Fully convinced that not even God Almighty would retrieve the bobbin, Serenity bought black-market dollars and asked a friend to import a bobbin for him from neighboring Kenya. Ninety days after the disappearance of the old bobbin, the new one arrived. Padlock was overjoyed despite the initial embarrassment caused by the failure of her prayers.
A few women whose work never got done because of the stolen bobbin had given Padlock a piece of their mind, accusing her of not wanting to help them. They swore never to return, but now some crept back, and Padlock served them without reminding them of their harsh words. The monotonous roar of the machine massaged all the madness in her head and restored her peace of mind. Her train was back on track, and she looked cheerful, her tremendous fits of depression gone. I knew that she was still dangerous, waiting for the thief to go on a spending spree and land himself in her lethal trap. Not me. The bobbin remained buried, like gold bullion awaiting the arrival of a pirate ship.
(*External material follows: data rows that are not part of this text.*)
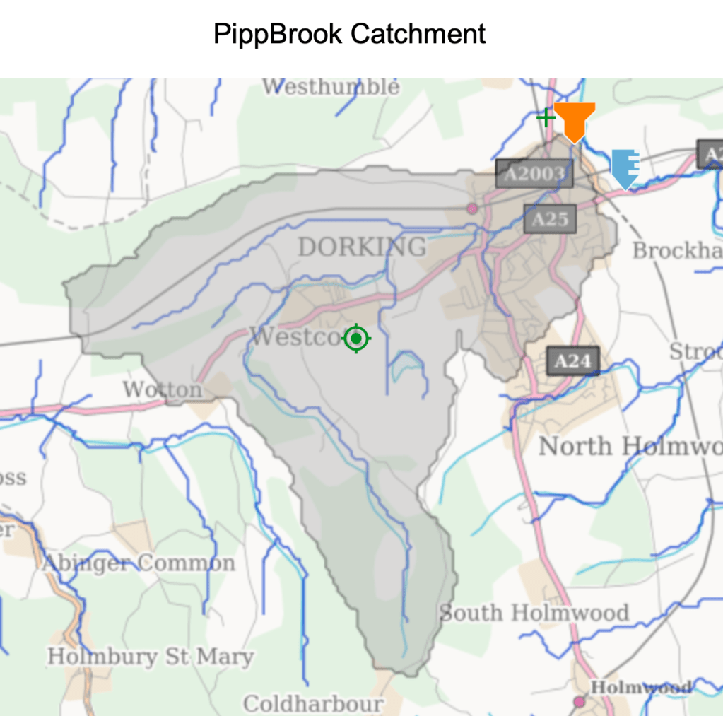 The confluence of Pipp Brook with the Mole at Dorking lies at 37m, so the Pipp Brook has one of the steepest descents of any streams in the catchment of 168m over 8.7km. It is an ideal location for a Natural Flood Management Scheme.
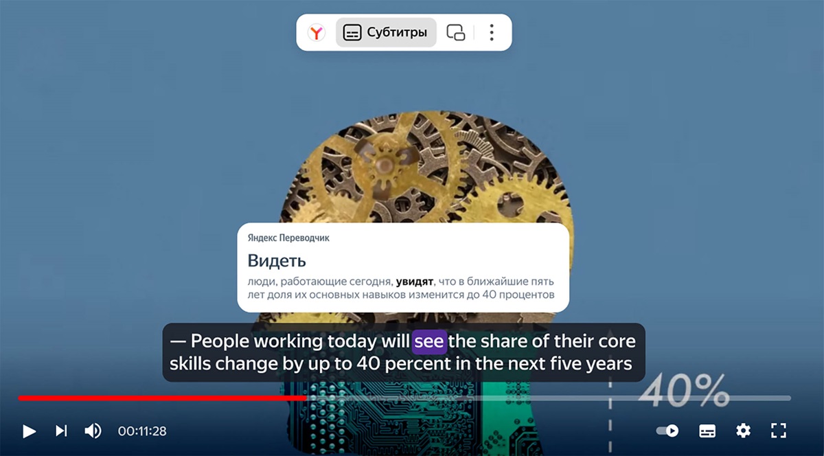 Браузер генерирует субтитры для любых видео и онлайн-трансляций. Если в видео звучит речь на разных языках, браузер это учтёт: для реплик на русском языке он сгенерирует субтитры на русском, для англоязычных — на английском. Если в субтитрах встретится незнакомое слово или фраза, «Яндекс Браузер» поможет перевести их на русский язык — для этого достаточно навести на них курсор. В будущем появятся субтитры для песен и речи, звучащей на фоне музыки, сообщили в Яндексе.
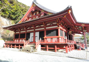 | 船形山の絶壁に飛騨匠の作という舞台造りの観音堂が張りつくように建っています。 | ||
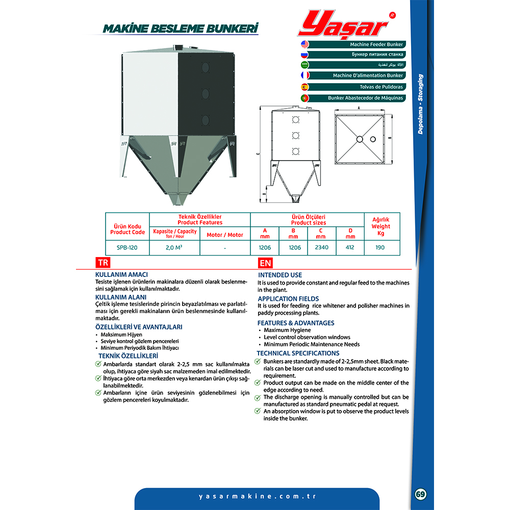 It is used to provide constant and regular feed to the machines in the plant. It is used for feeding rice whitener and polisher machines in paddy processing plants. Maximum Hygiene, Level control observation Windows, Minimum Periodic Maintenance Needs, Bunkers are standardly made of 2-2,5mm sheet. Black materials can be laser cut and used to manufacture according to requirement. Product output can be made on the middle center of the edge according to need. The discharge opening is manually controlled but can be manufactured as standard pneumatic pedal at request. An absorption window is put to observe the product levels inside the bunker. Fully automatic rice mill machines.
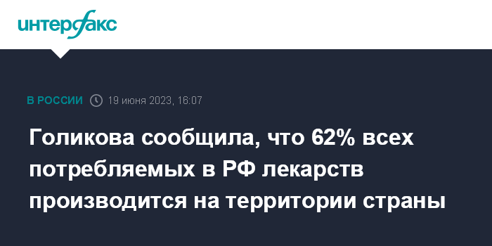 Москва. 19 июня. INTERFAX.RU - Более 60% всех потребляемых в России лекарственных препаратов производится на территории страны; также в РФ создана технологическая возможность производства 82% жизненно важных препаратов, сообщила вице-премьер Татьяна Голикова.
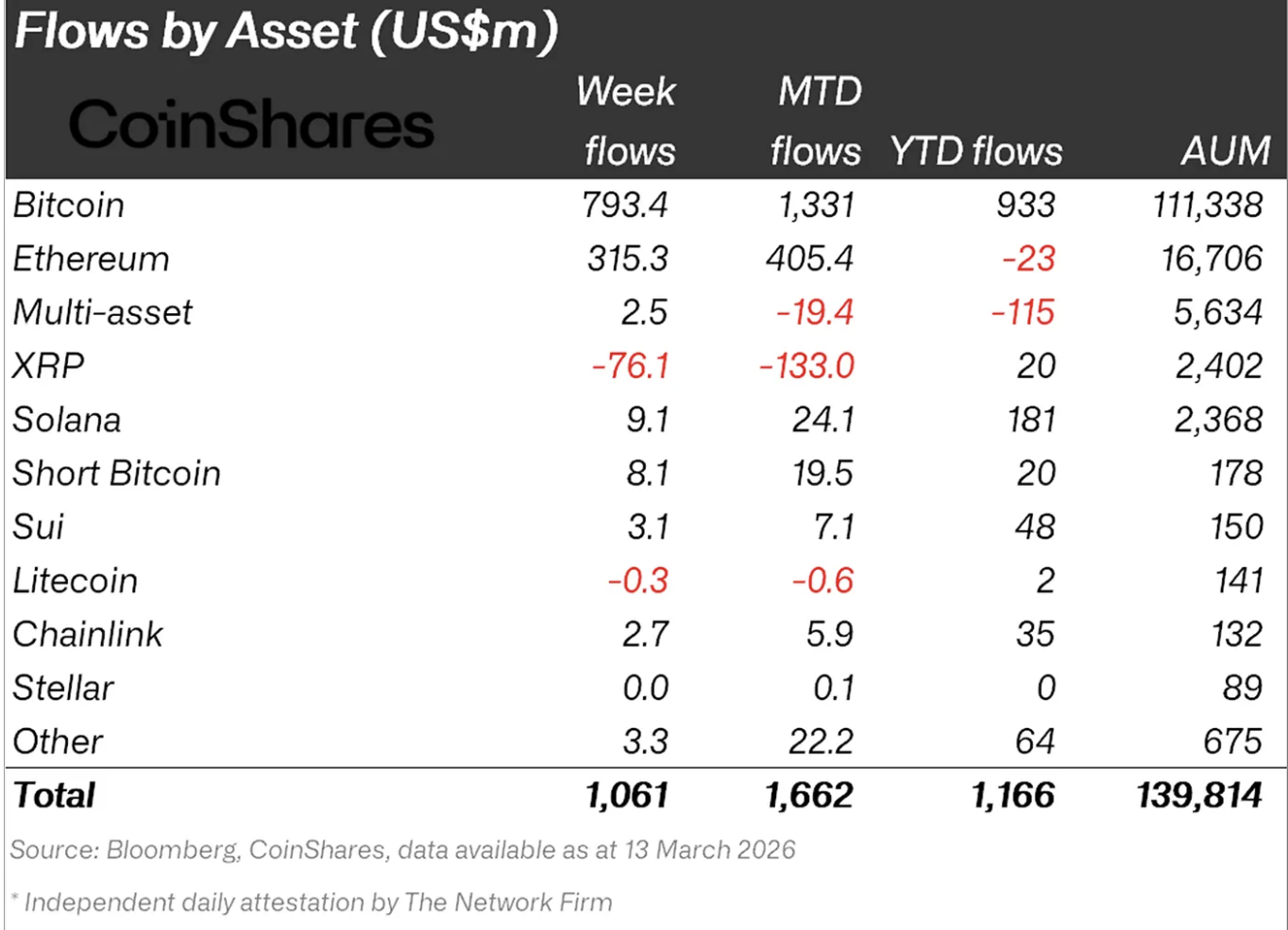 Криптовалютные инвестиционные продукты показывают устойчивую положительную динамику. По данным аналитиков CoinShares, в течение недели с 9 по 13 марта приток капитала в сектор составил $1,06 млрд. Это уже третья подряд неделя активного роста интереса со стороны крупных игроков.
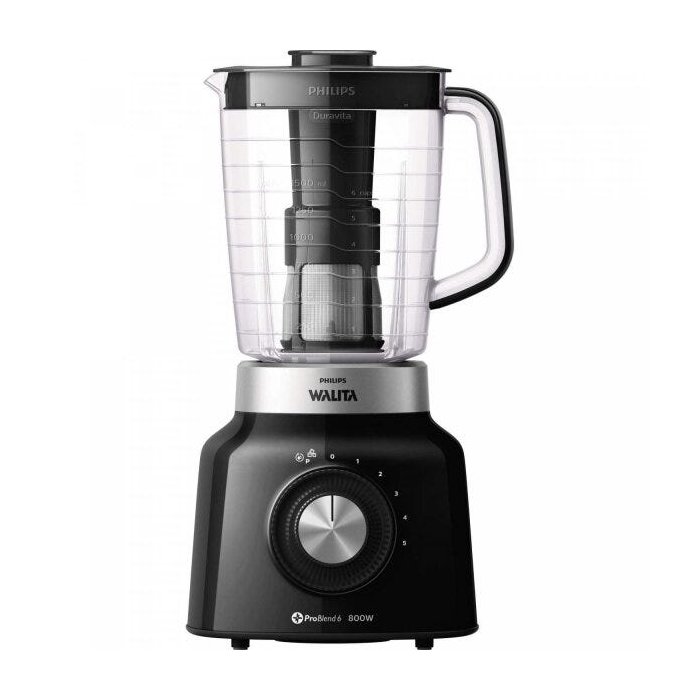 Liquidificador Problend 6 lâminas Duravita oferece o trio perfeito para seu dia a dia com a incrível e exclusiva tecnologia Problend 6 Lâminas: ele corta mais, cabe mais e dura mais! O resultado: tritura até 35 vezes mais fino. Com potência de 800W, 6 lâminas, jarra Duravita tamanho família (20x mais resistente com capacidade de 2,4L) e 2 anos de garantia, ele é tudo o que você precisa na sua cozinha.
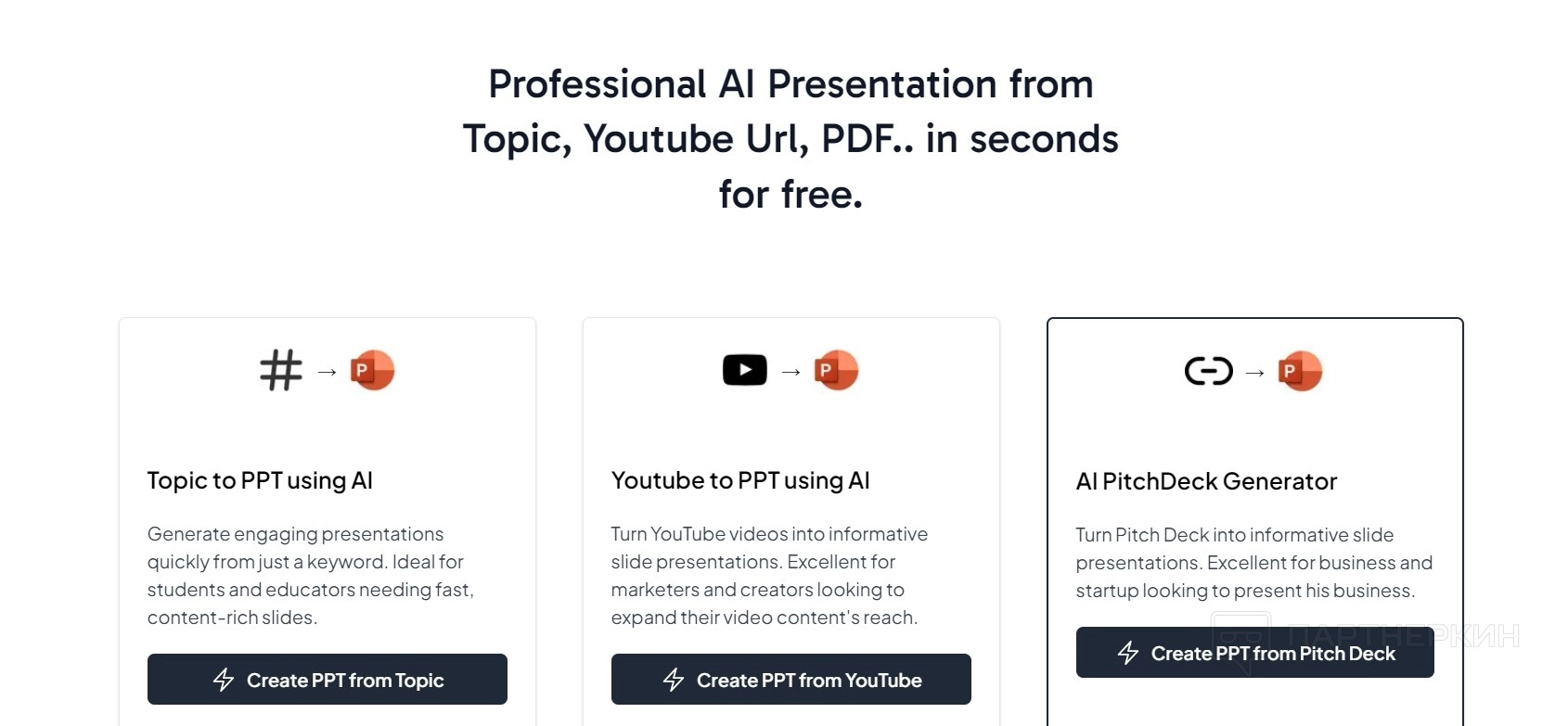 - генератор Pitch Deck (AI PitchDeck Generator) — превращение презентаций в информативные слайды;
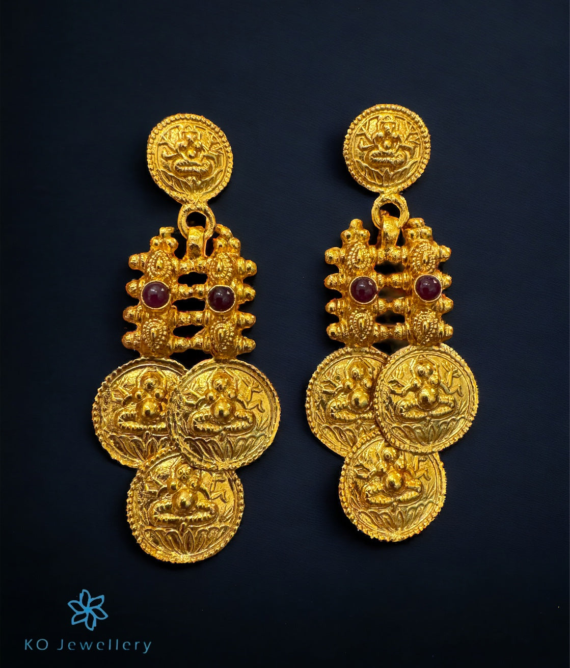 An iconic design, this traditional earring with the image of goddess Lakshmi is crafted using techniques used in South Indian antique jewellery in Sterling Silver (92.5) and has been gold-dipped to perfection. This piece is also available in the antique silver-finish.
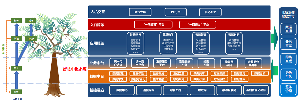 北航杭州国际校园建设了以数据中台和业务中台为核心的智慧中枢系统,串联底层硬件和上层应用软件,为应用软件的接入和使用提供了统一标准,保证了软件之间的数据、用户认证、日志、资源等互通,带来便捷强大的业务及应用部署能力,高效赋能学校运行及管理。

I was thirteen and it was approaching time to change schools. I didn’t want to go to a Catholic school. I wanted to know what plans Serenity, the despot in charge of education, had in store for me. I could not ask him directly, because despotic secrets were never divulged that way. The only way was to spy on him. I asked my faithful shitters to shadow him and listen to his conversations while he watched television and generally do everything they could to get the information I needed. I waited for weeks, asking them every other day what they had heard. There was not much to tell. One day Serenity began to talk about schools just before news time, but the news reader cut him short. Weeks passed. Finally a loyal shitter clinched it for me. He overheard the despots discussing the issue in the Command Post one afternoon.
“It would straighten him out,” Padlock said.
“They offer very good education. On the other hand, you can’t imagine how bad government schools have become. Pupils go to school with knives, some with guns, and threaten both teachers and headmasters. The children of soldiers have really messed up our schools. Mugezi needs a quieter environment.”
“My parents would love to have a grandson who is a priest. He can end up a parish priest, rector of a seminary or even a bishop,” Padlock said.
“The church is very rich,” Serenity declared. “A clever priest can become very rich indeed.”
“You are only thinking about money,” Padlock rebuked.
“I do not want my children to suffer. They should be able to drive big cars, live in big houses and have what I could not give them.”
“They have to survive these times first.”
I was restless for days. I visited the taxi bowl every day for a whole week, losing myself, my blues and my impotent anger in the tumultuous waves of activity there. I dreamed of an earthquake to end it all. I listened to hear if the ground was quaking, preparing us for the next apocalyptic explosion, but alas, only the steady grind of the vehicles and the eternal calls of the van boys, the snake charmers and the hawkers filled my head like an infernal ache.
What use was a priest? And those ludicrous cassocks! Celibacy was definitely not for me. I had already decided to marry three wives in the future. With the earnings of a lawyer, I was sure that I could easily give my trio a comfortable life. The Church, in my estimation, needed ball-less people like the shitters, not me, who was ready to follow General Amin’s calls for self-advancement. Amin did not like the Church, and accused the clergy of meddling in politics, as they had done in the past, while doing nothing about the corruption inside the Church.